Our decision to employ the Euclidean distance for the computation of the Saturn coefficient can also been questioned. Other geometrical distances, such as the cosine distance, the Minkowski distance, or the Manhattan distance could be considered in the future.

We acknowledge that our invented coefficient of HDBSCANess, that we employed as gold standard, measures something slightly different from our Saturn coefficient. That being said, we consider it as the best possible option for our present conditions.

Regarding generalizability, we recognize that our Saturn coefficient might not be limited to UMAP, but could work well with dimensionality reduction results produced by other methods such as PCA or t-SNE, as well. However, the exploration of these possibilities goes beyond the scope of our study.

In the future, we look forward to receiving feedback from users and researchers to develop a new, improved version of our Saturn coefficient. We also plan to compare the behavior of our Saturn score with other dimensionality reduction coefficients (Nonato & Aupetit, 2019; Machado, Behrisch & Telea, 2025; Jin et al., 2023; Bae, Jeon & Seo, 2025; Jeon et al., 2025b).
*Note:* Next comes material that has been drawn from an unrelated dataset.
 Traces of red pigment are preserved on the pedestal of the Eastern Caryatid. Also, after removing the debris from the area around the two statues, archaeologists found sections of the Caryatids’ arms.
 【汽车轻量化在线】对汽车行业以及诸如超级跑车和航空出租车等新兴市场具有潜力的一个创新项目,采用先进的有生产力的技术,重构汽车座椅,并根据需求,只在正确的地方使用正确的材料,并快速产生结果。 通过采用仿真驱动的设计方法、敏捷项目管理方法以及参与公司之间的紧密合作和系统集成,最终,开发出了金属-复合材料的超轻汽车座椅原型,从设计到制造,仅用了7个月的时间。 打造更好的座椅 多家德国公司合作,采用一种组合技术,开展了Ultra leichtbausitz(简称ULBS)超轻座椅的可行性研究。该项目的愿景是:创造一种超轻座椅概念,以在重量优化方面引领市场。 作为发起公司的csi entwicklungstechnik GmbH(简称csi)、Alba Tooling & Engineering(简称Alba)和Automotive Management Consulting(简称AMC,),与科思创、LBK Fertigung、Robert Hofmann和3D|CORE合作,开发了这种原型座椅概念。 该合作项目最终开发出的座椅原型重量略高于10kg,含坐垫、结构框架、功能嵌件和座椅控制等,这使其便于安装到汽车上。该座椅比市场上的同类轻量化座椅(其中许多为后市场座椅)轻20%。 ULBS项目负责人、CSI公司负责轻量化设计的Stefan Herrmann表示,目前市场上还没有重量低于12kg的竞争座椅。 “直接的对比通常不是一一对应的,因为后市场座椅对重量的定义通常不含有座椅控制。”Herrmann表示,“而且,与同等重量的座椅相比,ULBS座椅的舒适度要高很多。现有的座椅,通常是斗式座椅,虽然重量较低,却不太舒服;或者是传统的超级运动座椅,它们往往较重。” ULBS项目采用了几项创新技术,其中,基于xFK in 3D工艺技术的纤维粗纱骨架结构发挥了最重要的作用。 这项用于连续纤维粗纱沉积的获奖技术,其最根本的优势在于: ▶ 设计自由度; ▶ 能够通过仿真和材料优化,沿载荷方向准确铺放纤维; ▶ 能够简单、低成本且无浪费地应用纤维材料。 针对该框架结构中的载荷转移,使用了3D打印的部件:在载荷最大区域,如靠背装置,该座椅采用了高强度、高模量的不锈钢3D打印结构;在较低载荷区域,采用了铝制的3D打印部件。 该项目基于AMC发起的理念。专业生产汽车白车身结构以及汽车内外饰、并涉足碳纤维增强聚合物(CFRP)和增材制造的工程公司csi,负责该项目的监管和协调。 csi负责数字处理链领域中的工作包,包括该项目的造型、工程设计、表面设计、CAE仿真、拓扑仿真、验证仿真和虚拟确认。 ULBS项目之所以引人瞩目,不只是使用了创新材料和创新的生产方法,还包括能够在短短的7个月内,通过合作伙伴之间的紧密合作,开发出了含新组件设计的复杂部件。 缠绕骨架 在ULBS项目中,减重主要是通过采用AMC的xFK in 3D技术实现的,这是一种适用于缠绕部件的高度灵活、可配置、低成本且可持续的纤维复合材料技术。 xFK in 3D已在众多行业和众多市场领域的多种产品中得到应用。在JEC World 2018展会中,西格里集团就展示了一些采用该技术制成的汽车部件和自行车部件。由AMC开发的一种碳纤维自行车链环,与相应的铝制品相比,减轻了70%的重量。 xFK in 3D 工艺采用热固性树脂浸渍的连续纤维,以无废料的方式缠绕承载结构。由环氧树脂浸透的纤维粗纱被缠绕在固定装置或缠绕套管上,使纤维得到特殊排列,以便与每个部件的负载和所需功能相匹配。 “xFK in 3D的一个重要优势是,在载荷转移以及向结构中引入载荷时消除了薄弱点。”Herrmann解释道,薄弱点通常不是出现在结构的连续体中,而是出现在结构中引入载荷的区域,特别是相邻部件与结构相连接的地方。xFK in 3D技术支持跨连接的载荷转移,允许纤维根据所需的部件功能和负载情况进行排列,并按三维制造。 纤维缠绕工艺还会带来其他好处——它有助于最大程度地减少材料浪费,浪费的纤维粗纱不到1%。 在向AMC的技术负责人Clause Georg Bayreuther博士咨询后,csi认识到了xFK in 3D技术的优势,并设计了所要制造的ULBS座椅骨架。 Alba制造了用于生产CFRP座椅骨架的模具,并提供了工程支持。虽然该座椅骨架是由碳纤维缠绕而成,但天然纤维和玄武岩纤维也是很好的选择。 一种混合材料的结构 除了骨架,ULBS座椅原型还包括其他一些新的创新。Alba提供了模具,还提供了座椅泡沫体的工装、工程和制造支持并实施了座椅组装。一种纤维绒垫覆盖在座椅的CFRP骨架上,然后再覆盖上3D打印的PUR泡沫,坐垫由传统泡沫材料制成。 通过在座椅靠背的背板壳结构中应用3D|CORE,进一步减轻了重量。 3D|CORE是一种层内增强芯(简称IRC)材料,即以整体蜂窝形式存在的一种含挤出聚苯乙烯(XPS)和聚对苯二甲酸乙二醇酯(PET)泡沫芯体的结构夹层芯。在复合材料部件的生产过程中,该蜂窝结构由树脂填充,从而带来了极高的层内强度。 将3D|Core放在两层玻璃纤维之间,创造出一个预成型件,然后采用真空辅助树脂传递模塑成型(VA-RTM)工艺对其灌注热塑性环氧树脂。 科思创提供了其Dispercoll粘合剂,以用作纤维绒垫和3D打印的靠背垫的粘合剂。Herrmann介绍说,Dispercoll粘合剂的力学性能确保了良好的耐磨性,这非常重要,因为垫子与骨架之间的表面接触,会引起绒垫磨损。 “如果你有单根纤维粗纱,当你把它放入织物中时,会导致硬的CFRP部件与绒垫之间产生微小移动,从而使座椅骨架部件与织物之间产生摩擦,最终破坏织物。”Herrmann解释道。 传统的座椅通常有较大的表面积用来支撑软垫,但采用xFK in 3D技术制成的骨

Ethics approval and consent to participate

Permission to collect and analyze the data from patients involved in this study has been obtained from the original dataset curators, as stated in the datasets original articles (Requena-Morales et al., 2017; Jani et al., 2016; Cerono, Melaiu & Chicco, 2024; Lämmer et al., 2019; Cerono, Melaiu & Chicco, 2024; Shieh et al., 2020; Cerono, Melaiu & Chicco, 2024; Ma et al., 2018; Chicco, Cerono & Cangelosi, 2022; McArdle et al., 2016; Chicco & Jurman, 2020; Gucyetmez & Atalan, 2016; Mollura et al., 2024; Er et al., 2012; Chicco & Rovelli, 2019; National Cancer Institute, 2022; National Cancer Institute, Center for Cancer Genomics, 2024; Kimura et al., 2021).